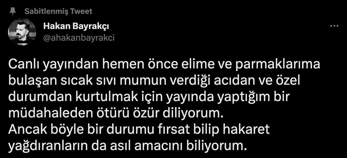 Canlı yayından hemen önce elime ve parmaklarıma bulaşan sıcak sıvı mumun verdiği acıdan ve özel durumdan kurtulmak için yayında yaptığım bir müdahaleden ötürü özür diliyorum. Ancak böyle bir durumu fırsat bilip hakaret yağdıranların da asıl amacını biliyorum.
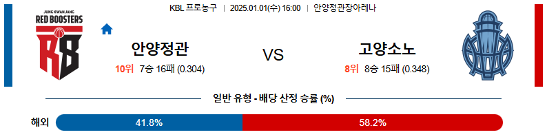 안양정관장 대 고양소노 KBL 01월01일 맞대결 생중계, 스포츠중계, 스포츠분석
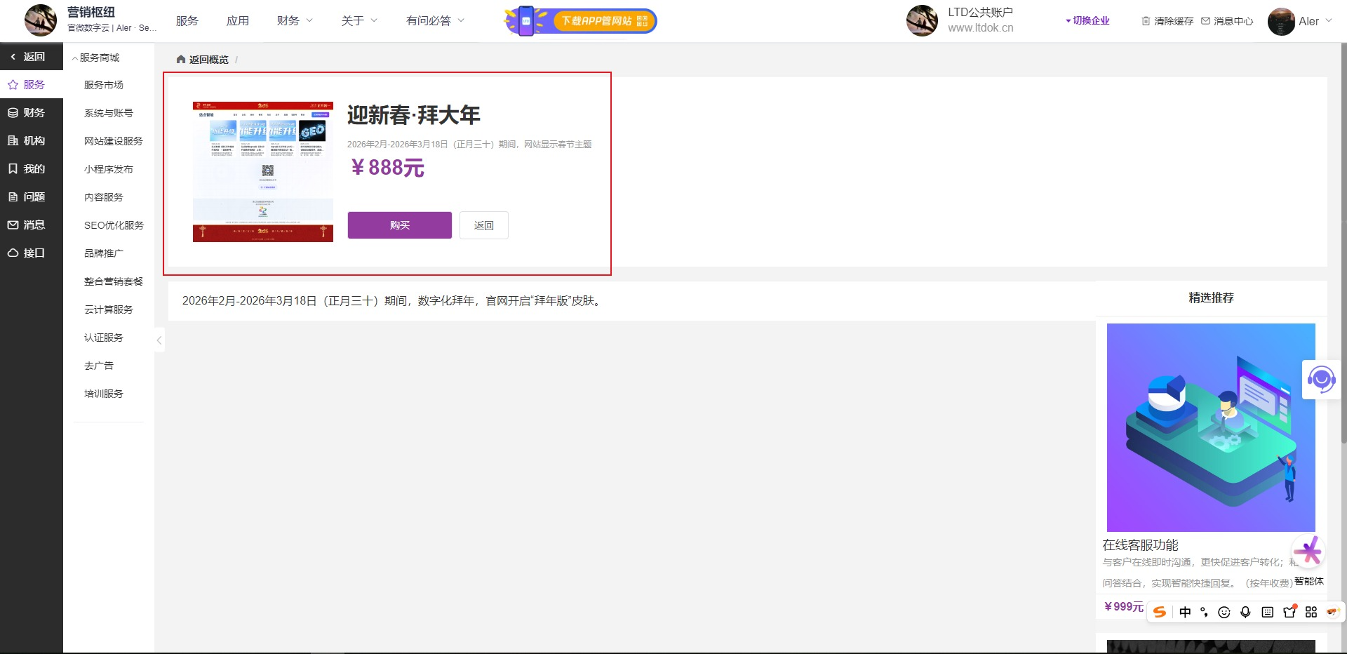 在 “春节主题” 模块右侧,点击「去服务市场购买」按钮,跳转至服务市场的「迎新春・拜大年」服务购买页。在购买页确认服务内容后,点击「购买」按钮完成支付。
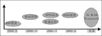 2000年5月,中國(guó)移動(dòng)推出了WAP服務(wù),但是由于準(zhǔn)備不足,加之中國(guó)移動(dòng)沒有完全轉(zhuǎn)變經(jīng)營(yíng)理念,使得WAP服務(wù)沒有達(dá)到預(yù)期的發(fā)展目標(biāo)。在吸取WAP服務(wù)的經(jīng)驗(yàn)、教訓(xùn)后,中國(guó)移動(dòng)于2000年11月又推出了“移動(dòng)夢(mèng)網(wǎng)”計(jì)劃。在這次的業(yè)務(wù)推廣中,短消息受到了人們的寵愛,發(fā)展到現(xiàn)在,SMS已經(jīng)深入多數(shù)移動(dòng)用戶的心中。2001年7月,中國(guó)聯(lián)通也推出了“聯(lián)通在信”與“移動(dòng)夢(mèng)網(wǎng)”進(jìn)行競(jìng)爭(zhēng)(如圖1所示)。與此同時(shí),中國(guó)移動(dòng)又開始了GPRS的試點(diǎn)工作,經(jīng)過近一年時(shí)間,“聯(lián)通在信”并沒有取得更好的成績(jī),而中國(guó)移動(dòng)的GPRS終于開始正式商用。那么,未來的移動(dòng)數(shù)據(jù)業(yè)務(wù)將依托什么來發(fā)展呢?是3G,還是WLAN、藍(lán)牙?大家只能拭目以待。
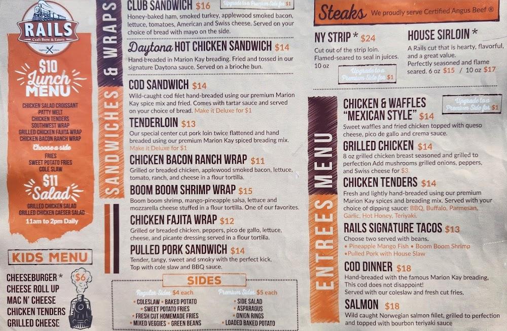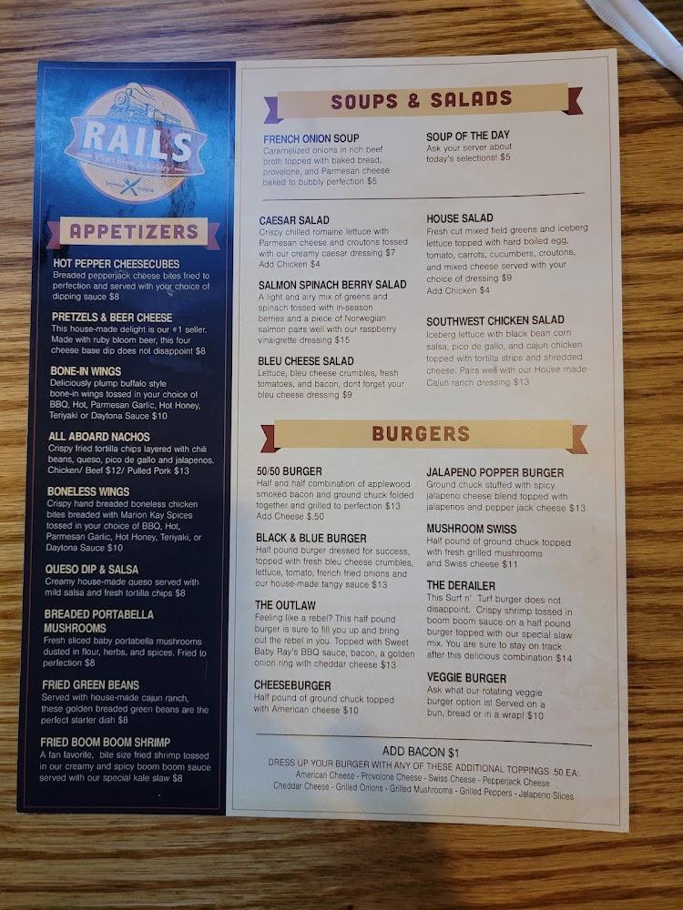 Rails Craft Brew & Eatery offers a wide-ranging menu with something for everyone. The focus is on classic American dishes with a local twist. Enjoy appetizers like Pretzel & Beer Cheese or Bone-In Wings to start your meal.

★ ★ ★

PROBLEM TO WORK ON :: Omit the pictures, and please restate word for word the lines running from the line with "2000年5月,中國(guó" to the end of the entries.

REPLY ::
 2000年5月,中國(guó)移動(dòng)推出了WAP服務(wù),但是由于準(zhǔn)備不足,加之中國(guó)移動(dòng)沒有完全轉(zhuǎn)變經(jīng)營(yíng)理念,使得WAP服務(wù)沒有達(dá)到預(yù)期的發(fā)展目標(biāo)。在吸取WAP服務(wù)的經(jīng)驗(yàn)、教訓(xùn)后,中國(guó)移動(dòng)于2000年11月又推出了“移動(dòng)夢(mèng)網(wǎng)”計(jì)劃。在這次的業(yè)務(wù)推廣中,短消息受到了人們的寵愛,發(fā)展到現(xiàn)在,SMS已經(jīng)深入多數(shù)移動(dòng)用戶的心中。2001年7月,中國(guó)聯(lián)通也推出了“聯(lián)通在信”與“移動(dòng)夢(mèng)網(wǎng)”進(jìn)行競(jìng)爭(zhēng)(如圖1所示)。與此同時(shí),中國(guó)移動(dòng)又開始了GPRS的試點(diǎn)工作,經(jīng)過近一年時(shí)間,“聯(lián)通在信”并沒有取得更好的成績(jī),而中國(guó)移動(dòng)的GPRS終于開始正式商用。那么,未來的移動(dòng)數(shù)據(jù)業(yè)務(wù)將依托什么來發(fā)展呢?是3G,還是WLAN、藍(lán)牙?大家只能拭目以待。
 Rails Craft Brew & Eatery offers a wide-ranging menu with something for everyone. The focus is on classic American dishes with a local twist. Enjoy appetizers like Pretzel & Beer Cheese or Bone-In Wings to start your meal.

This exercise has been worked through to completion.